Because the chart module never received a "Create Line Graph message".
Why?
Because that message is sent only when the simulation's "current time counter" is not 0.0, and it was not getting incremented.
Why?
Because no "Timestamp" message had been received.
Why?
(At this point I embarked on a Wild Goose Chase -- Marc)
Because the sending process never sent one.
Why?
Because when reading a file it turned out the file was unexpectedly empty and so froze up, having thrown an "End_Error" exception.
What did the original version do?
Err..I guess the file is empty there too, but it throws an "Out_Of_Data" exception.
Why?
Ah...race condition.
So what's the net effect of the difference between how the two exceptions are handled?
Huh. None. They're both taken to mean "no data", which is a not unexpected condition, and so the exceptions are resolved and processing continues.
-- End of Wild Goose Chase. Backtracking to where I left off:
Why?
Because no "Timestamp" message had been received.
Why?
Because the sending module is experiencing a SEGFAULT.
Why?
Because some data being extracted from a database is getting stomped on with bad, bad values, triggering the segfault.
Why?
Compiler bug.
Really??
Looks that way. Though 99% of the time that I start to think "compiler bug" it turns out to be a programming error, this is one time it looks legit. A procedure is getting called that does some calling of additional subprograms to retrieve the data from the DB. Down at the bottom an exception is thrown that propagates back up to the calling routine. This is a "no data found" exception that is perfectly legitimate to have occur and propagate back up. When control returns to the controlling procedure, though, some of the local variables have gotten clobbered--even those that are not part of the calling sequence. Everything is fine until that exception is handed up to the calling procedure. So the work-around for this was to catch the exception within that first called procedure, and change the function parameter list to include a "found" flag, which is set according to whether the exception occurred or not. The caller than checks the flag and handles the response as if the exception had occurred.
And then?
The chart still doesn't open.
Why?
In a color setting function, the name of the color is passed in and checked against a table that maps each color name to some internal data. That function lower-cases the color name parameter, since all the names in the table are lower case. The function, though, is modifying (via tolower()) the color name within the parameter itself, rather than to a local variable. For some reason trying to overwrite the parameter in place is causing another segfault. This is a less-than-desireable thing to be doing anyway, i.e. modifying the passed-in argument that should only be used as a lookup value, so the function was modified to lower-case the value into a local variable, which was then used for the table lookup.
Now?
The chart kinda opens, and then freezes.
Why?
Segfault.
Again??
Yes, down in the Lesstif code a null dereference is occurring.
Why?
Beats the hell out of me on this one. I built Lesstif from source, with debug, so I can find the line of code that's causing the problem but I really don't know what exact sequence of events is leading to this problem (I'm an applications, not a systems, programmer!) It does seem to be happening with the ScrolledList widget, when doing something pertaining to fonts.
What now?
Try exploratory code removal. Comment out the line that sets the font list and see if maybe some sort of default gets used.
And...?
Chart correctly opened and displayed, although the text is not italicized like it is on the original platform.
I can live with that.
Tuesday, April 22, 2008
Why the Chart Wasn't Opening
Posted by
Marc
at
9:20 AM
2
comments
Labels: hubbard, lesstif, porting, segfault, Software Spelunking
Thursday, March 13, 2008
Otters Should Not Be Allowed to Design Software
I got nothing against otters.
They're cute, playful, inquisitive, and so on. We should take joy in their simple life, and protect their habitat.

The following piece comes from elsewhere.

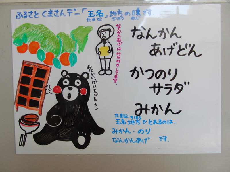 本日は「ふるさと くまさんデー」で、玉名地方の特産物を使った献立が考えられました。「南関あげ丼」は、南関町で古くから親しまれている伝統食品「南関あげ」にダシをたっぷり染み込ませ、卵でとじてあり、大変美味しかったです。「かつのりサラダ」は、きざみのりがアクセントとなっていて、子どもたちにも食べやすく調理してありました。

Neither they nor their human analogues, however, should be allowed to design software.
When you're porting a large software system from one platform to another you spend a lot of time dealing with the design and implementation..uh..quirks of the original builders. Sometimes it's just stylistic stuff like typedef'ing (C) or renaming (Ada) every single freakin' standard type name. Other times, though, you'd swear that otters had been tasked with coming up with the design.
So the part I'm porting now has a central control process and a GUI process that communicates via sockets. All well and fine.
The latest issue I've been dealing with has to do with the operator clicking on a field in a table to change it, which pops up a menu of valid entries, one of which is selected and then the "Done" button is clicked. Somewhere, though, in the update processing chain the value was getting trashed, causing the update to fail.
In other words, run-of-the-mill porting issues.
So I traced through the code and verified that the operator's selection was getting properly packaged up into a message and sent out through the socket. I followed it right up to the socket write, so there was no doubt.
I then went to the recipient of the message, the central control process, and verified that the message was being properly received and decoded.
The next thing that's done after receiving the message is calling a function called Update_Table(). The invalid data error is being detected inside this function. However, the data from the message I just read in is not being passed into Update_Table. WTF? Why is it failing then?
So I dig down into Update_Table and see that what it's doing is going out to query for the data in the table row that's about to be updated. But it's not getting this data from a database. Nor is it accessing some internal data structure model. It's sending out a message.
To the GUI process.
And so now I go back to the GUI process and start tracing from where that message is received. So is the GUI process maintaining some data store itself that it maintains and both displays to the operator and keeps for queries from the controlling process? Why, no, no it doesn't. Instead it goes and gets the data out of the graphical widget that's displaying it. If the value is a number, it converts the displayed string representation of the number back to a number, otherwise it passes it back as a string.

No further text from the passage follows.